Unless you’ve been living under a rock for the last couple of years, you’ve probably heard of MOOCs (Massive Open Online Courses). These are courses offered online by universities or other suppliers, intended to bring high-quality higher education resources to a wide and varied audience. I’ve done a few of these courses: Peter Norvig and Sebastian Thrun’s Stanford AI course, one on fantasy and science fiction, and more recently Jeff Ullman’s automata theory course and another on general game playing (about which I’ll write something once I’ve had some time to work on the software I developed as part of the course).

There has been a bit of a hoo-ha about MOOCs recently, mostly because Udacity, the company founded by Sebastian Thrun (High Priest and foremost evangelist of MOOCdom, part-time Googler, ex-Stanford) has stepped back from its original lofty goals to concentrate on vocational and professional training. This is obviously a bit of a comedown: from Opening the Academy to the World to “Introduction to Salesforce App Development” (the first course listed on Udacity’s site as I write this).

There’s been a fair amount of Schadenfreude floating around about this retreat/re-positioning. When he left Stanford to found Udacity, there was a lot of high-minded talk from Thrun about the possibilities of MOOCs that frankly sounded a bit snake-oily. He appeared very well-intentioned, and the mission was undoubtedly worthy, but it was hard to believe that it was really going to work.

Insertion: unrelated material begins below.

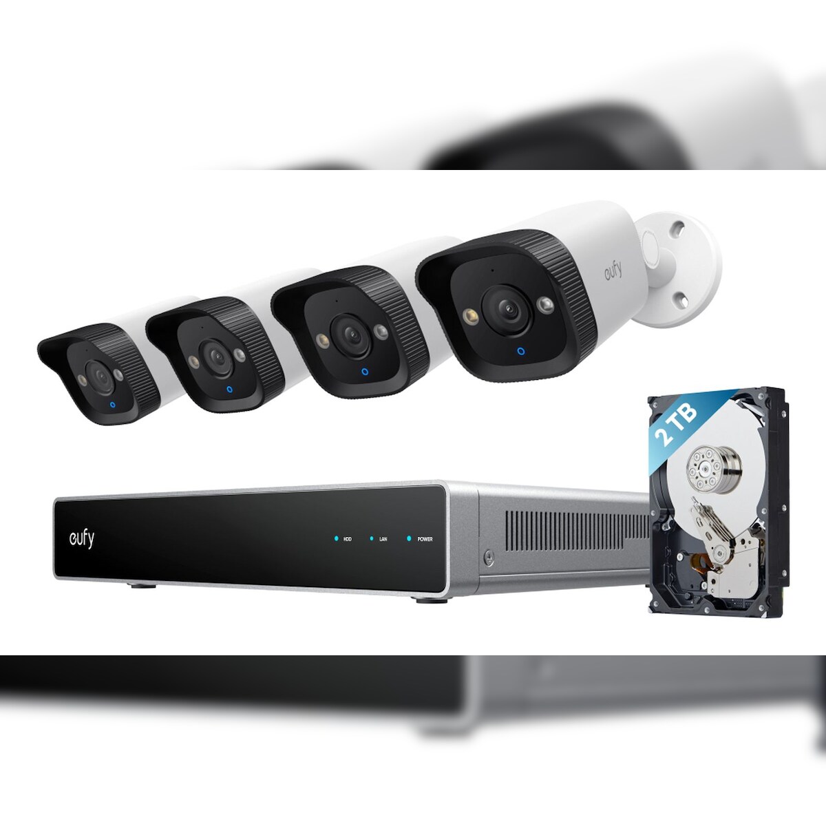 eufy PoE NVR CCTV Security System E41 (6 PoE Cam E41 Kit) + Video Doorbell E340 (Wi-Fi Connection) + 2 TB HDD

Recent events, in particular a poorly executed attempt to replace some “normal” courses at San Jose State University with MOOCs, seem to show that this was all another unfortunate case of “all talk, no trousers” from the worthies of Silicon Valley.

So what really went wrong? Tressie McMillan Cottom has done some great work analysing both the SJSU fiasco and the wider question of MOOCs–start here and read everything she has to say. Her analysis is informed by a lot of sociological thinking that I don’t know anything about, and she’s spent a lot more time thinking about these issues than I have, but there are a few obvious things to say about the whole MOOC project that I’d like to cover. My teaching experience is all in physics and mathematics, so is probably of more or less no relevance to any other field.

First, let me say that personally, I really like MOOCs. I’ve learnt quite a bit of interesting material using them. But I’ve had the benefit of ten years of post-secondary education, plus a number of years working as a research scientist. I don’t think I’m really in the target audience for the kind of worldwide dissemination of academic knowledge that MOOCs have been sold as providing. After spending so long “learning to learn”, I can teach myself subjects I’m interested in from books or Wikipedia or even original research literature. But I can only do that because I’ve had the good fortune to be able to spend so much time developing these independent study skills. I also have enough background knowledge that I can usually deal with infelicities in presentation and can usually figure out what it’s safe to ignore, what I need to do further reading about, and so on. These are all skills that it takes time to develop.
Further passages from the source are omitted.